I tend to have oily skin so I use Blot Powder with it. I don't have a picture though, sorry.


----------



## redambition (Nov 29, 2007)

i like it 
	

	
	
		
		

		
		
	


	




i use with with select sheer powder over the top, and i end up with a nice subtle glow.

it is quite light coverage - so if you like a heavy coverage foundation it won't be for you.


----------



## lipshock (Nov 29, 2007)

I am testing this out right now.  Actually, have been for the past two weeks and oh my, I am loving this foundation.  But I do not wear it by itself.  My skin is way too oily and I need (AND WANT) a lot of coverage, so using this foundation on its own just didn't work for me.  But as soon as I made my custom blend/mixture of Studio Fix Fluid and Satinfinish (in two different colours as well)... the results floored me.
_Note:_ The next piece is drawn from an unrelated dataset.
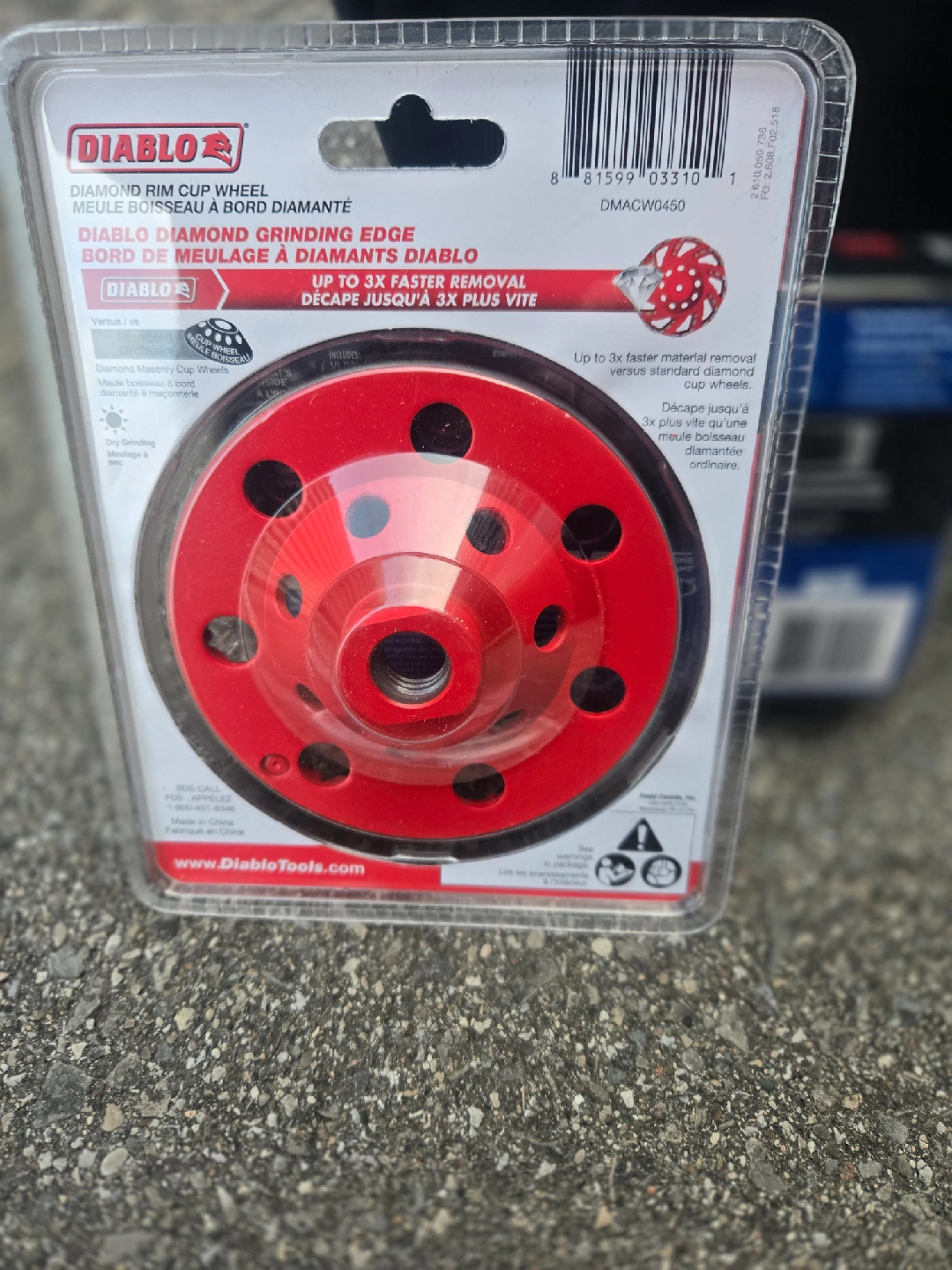 10Selling a brand new Diablo Diamond Rim Cup Wheel, perfect for angle grinders! It's 4 1/2 inches and designed for up to 3x faster material removal compared to standard diamond cup wheels. Get the job done quickly and efficiently!

Even my ass't manager at my store was like "Wow, your skin looks amazing.  So bright!"  And for the rest of that day, I was receiving so many compliments on my skin and what I was using.  I wore it on one occassion with Studio Fix powder over top and the "glowiness" still shined through and  my face didn't appear as flat as it normally would if I was just using my normal products of SFF and SF powder (which means that I have to use a lot more blush/highlighting products to contour and highlight my face to give it some life).

So far no breakouts either.  Keeping my fingers crossed!


----------



## GlamYOURUs (Nov 29, 2007)

Thanks so much! Now I think Im gonna try it out myself. My face has finally cleared up almost entirely from my cystic breakout from studio tech ughh but this may seem like something I'd like. And of course I would use studio fix foundation to give me better coverage.


----------



## HOTasFCUK (Nov 29, 2007)

I love this foundation, its the only one i use! I can't have really heavy coverage because i have some freckles so it looks masked but it goes on beautifully and looks amazing if you use a MSF to top it off! It also matches my skin pefectly. I have another MAC foundation, studio fluid or something, and its horrible! It looks orange on me and if you touch my face, the foundation starts to peel and roll off!! I hate it! My skin looks flawless with the satinfinish. I'm going to open my 2nd one this weekend. My first bottle lasted me from feb-nov. I need to buy more back-ups!!


----------



## miss_supra (Nov 29, 2007)

I hate it.

If you have any imperfections in your skin, texture, pores, etc... Don't buy it. It will highlight all of them.


----------



## glam8babe (Nov 30, 2007)

I have blemished skin, very oily
i got this foundation from the website and i picked NW20 as NW15 was out of stock but when it came it was the perfect colour for me! [swatch was quite dark on website but i thought id get that one as i was going on holiday and would get a tan]
I wore it for the whole holiday [well apart from during the day] and coming home i wore it and it looked nice, gave medium coverage but by the end of the day it was sliding off my face probably coz im very oily.
It does give you a dewy finish but it doesnt look oily
I stopped wearing it when i got my BE mineral foundation and veil

Then last week i started wearing it for my new job with mineral veil over the top.. it looks nice and doesnt slide off my face now 
	

	
	
		
		

		
		
	


	




 i dont wear it all the time though as it does tend to break out my skin if i wear it everyday so i alternate between MAC and BE and it seems to be fine! 
hope i helped ya


----------



## GlamYOURUs (Nov 30, 2007)

I went to MAC yday and an MA advised me not to buy it. She said it doesn't cover as much and it doesn't provide the dewy illuminating look that most people think it does. She said it really doesn't do anything for you and a better alternative would be the Hyper Real SPF15. Because it provides smooth pearlescent finish formulated to make the skin reflect a natural health and vibrancy. And it has medium coverage.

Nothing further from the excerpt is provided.